I stop laughing when Mo opens the door. I’m hit in the face with the smell of weed and cooking steak. He shoves his eight-month-old son at me. “Hold him,” he grunts. I take Mo Jr. and sit down on front step with him. I have to brush aside a bunch of cigarette butts. Mo Jr. smells like a week-old diaper. He looks up at me like I’m the most boring creature alive, before staring off into the bushes to the left of the house.

“Mo,” I say. “Little Mo.” He won’t break his gaze with the bushes. I start whistling. I’m a fairly accomplished whistler; Judah looks up from where he’s doing wheelies on the sidewalk. Little Mo turns his face to me.

“Finally,” I say. “It hurts my feelings when you don’t pay attention to me.”

I whistle him a song I’ve heard on the radio at work. He smiles a little. When Big Mo comes back to the door, he reaches down to take the baby and slips a couple baggies in my lap. I stand up and dust off my pants. Mo leans against the doorframe. “Your mom okay?”

“Yeah,” I say. “Same as always.”

“She used to babysit me, when I was real little.”

I keep my face blank, but I’m more than surprised. She never told me. Not that she tells me shit.

I leave the wad of twenties on the stairs.

“Bye Little Mo,” I say. But the door’s already shut. I put the baggies into my Groceries & Shit bag.

When I reach the street, Judah looks at my bag.

“Those for you?”

“Nah, my mom’s a prescription pill druggie.”

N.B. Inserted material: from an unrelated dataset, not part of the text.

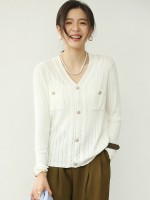 White V-neck Knit Top with Buttons
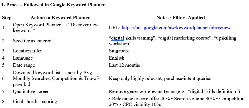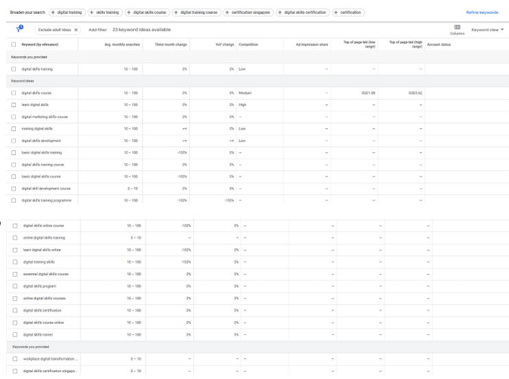 John uses Google Keyword Planner to identify high-potential keywords relevant to digital skills training in Singapore.

He looks relieved. “Even if they were, you’d have no right to judge, pot head.”

“Marijuana is different,” he says. He pronounces it mari-jew-wana.

“No. It’s all an addiction. Emotional, physical. You do it because you need it. It doesn’t matter if your body craves it or not. Your mind does.”

“I like you,” he says.

I’m surprised.

He walks me home. He wheels me home. Which is better, because anyone can walk you home. I don’t let him get right to the house. Everyone knows what my mom is, but you still don’t want anyone to see it first hand.

“What are you addicted to?” he asks me before I can say goodnight.

“Isn’t it obvious?” I ask him.

He nods his head knowingly. “Sarcasm,” he says.

I shift my Groceries & Shit bag from one arm to the other.

“Food,” I say. “Namely Honey Buns. But, if it’s processed, I’ll take it.”

No use keeping secrets in a place where everyone airs their sins. Mine is gluttony.

“I’m fat,” I tell him. And then I add, “Because I eat Honey Buns for dinner.”

“You’re not fat,” he says. I don’t stay to hear what he says next. I beeline for the front door.

A FEW DAYS AFTER I CONFESSED to Judah Grant about my Honey Bun addiction, there is a knock on the front door.

Pra pa pa pa pa

I am trying to glue the sole of my sneaker back on when I hear the knock. I’m so startled I drop the shoe and the tub of gorilla glue. I stand frozen, not sure what to do, watching the amber stuff leak onto the linoleum. No one comes to the eating house at this time of day, not even the Jehovah’s Witnesses. I glance up the stairs to my mother’s bedroom with my heart still raging. She won’t wake up for another few hours. My mother has severe agoraphobia, not to mention the paranoia and the prescription pill addiction. If she were awake right now, she’d be tossing little white pills in her mouth and sweating bullets. Nights she left the door open for her men, just so she wouldn’t have to hear them knock.